I adore cooking with forgotten vegetables. In Dutch we call them : aardperen, in Frech: topinambours. You can buy them in Brussels at the market or in food health shops. At the market, they are less expensive. You can store them quite well in a bag in the fridge. I do everything with them. I bake them, i cook them, i roast them & i make soup.
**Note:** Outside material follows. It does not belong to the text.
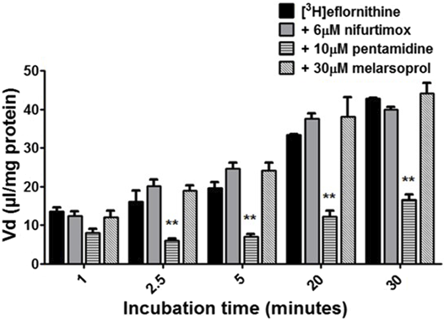 The Vd for [3H]eflornithine is a measure of accumulation and is effectively the sum of the [3H]eflornithine that has entered the cell minus the [3H]eflornithine that has left the cell. A Vd is calculated at each time point. To interpret the data it is understood i) that both the rate of [3H]eflornithine entry into the cell (i.e., cellular influx) and the rate of radiolabelled eflornithine that leaves the cell (i.e., cellular efflux) may be different at each time point. ii) If a test group reduces [3H]eflornithine accumulation, an influx transporter is involved. If a test group increases [3H]eflornithine accumulation, an efflux transporter is involved. iii) The identity of any influx transporter is more likely to be revealed by studying the earliest time point. iv) An absence of an effect by some test groups may be due to an inhibition of both influx and efflux transporters. v) There may be multiple different types of transporter involved in influx and efflux.
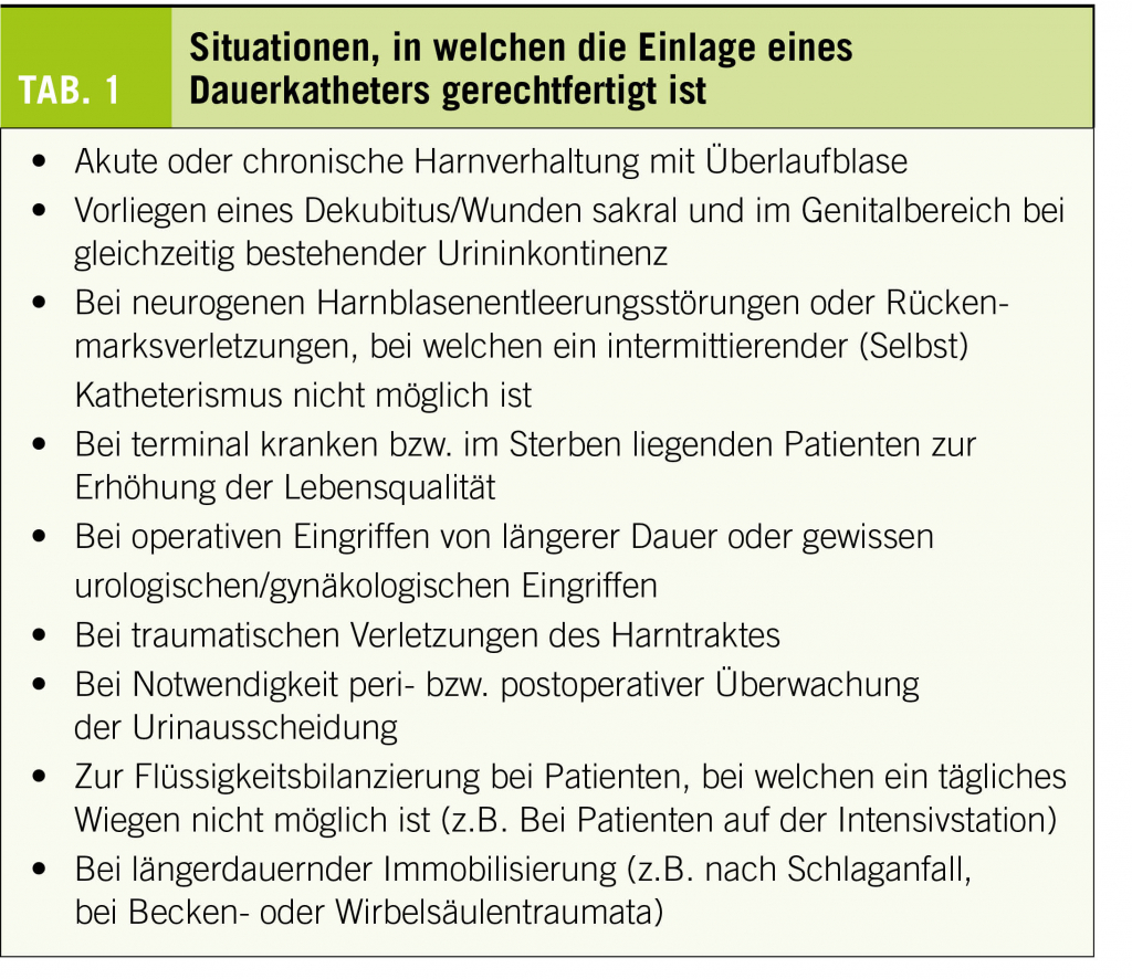 Bei beeinträchtigter Harnblasenentleerung kann die Einlage eines Kunststoff-Katheters in gewissen Situationen unumgänglich sein. Die Indikation zur Einlage eines solchen Katheters in die Harnblase muss aber stets sorgfältig hinterfragt werden, da diese immer Risiken insbesondere infektiöser Natur in sich birgt. Der Artikel fasst Indikationen und praktische Aspekte zur Einlage eines transurethralen Dauerkatheters oder eines Zystostomiekatheters zusammen.

jerusalem artichokes with garlic, bay leaf & baconon 16/11/2008
It is a very underestimated vegetable. I like the sweetness of them. It is also good for you. There is inulin in it . It is the oposit of insulin. This means it contains the good sugars. It is a good vegetable for diabetics! When you prepare the artichokes, when you peel them with a vegetablepeeler, you have to put them in acid water otherwise they will brown very quickly. They go very well with sage, garlic, potato, carrots, celery, onions, bacon, cheese,…:)
For 2 hungry people.
600 gr. of jerusalem artichokes, weight with peel on. Peel them with a potato peeler. It’s easy.
Cut them in chunks. Put them in acid water.
3 cloves of garlic, peeled & diced
a few sage leaves
2 bay leafs
200 gr. bacon, normal or smoked
salt: i prefer Maldon sea salt
1. Heat a large frying pan. Putt the oil in it. When the pan is hot, put the chunks of the artichokes in the pan. Brown on all sides. This could take 5 till 10 minutes, depending on the size of the chunks.
2.Add the garlic & bay leaf to the same pan. Stir well. Turn down the heat. Add pepper & salt. Add a bit of cider vinaigre. Stir well.
3. Bake the chunks for about another 10 minutes, or until cooked trough. Take out the bay leaf & add the few whole sage leaves. The leaves will crisp up.
4. In another pan, on the same time, fry the bacon.
5. Serve on a plate with cooked potatoes, the artichokes & the bacon.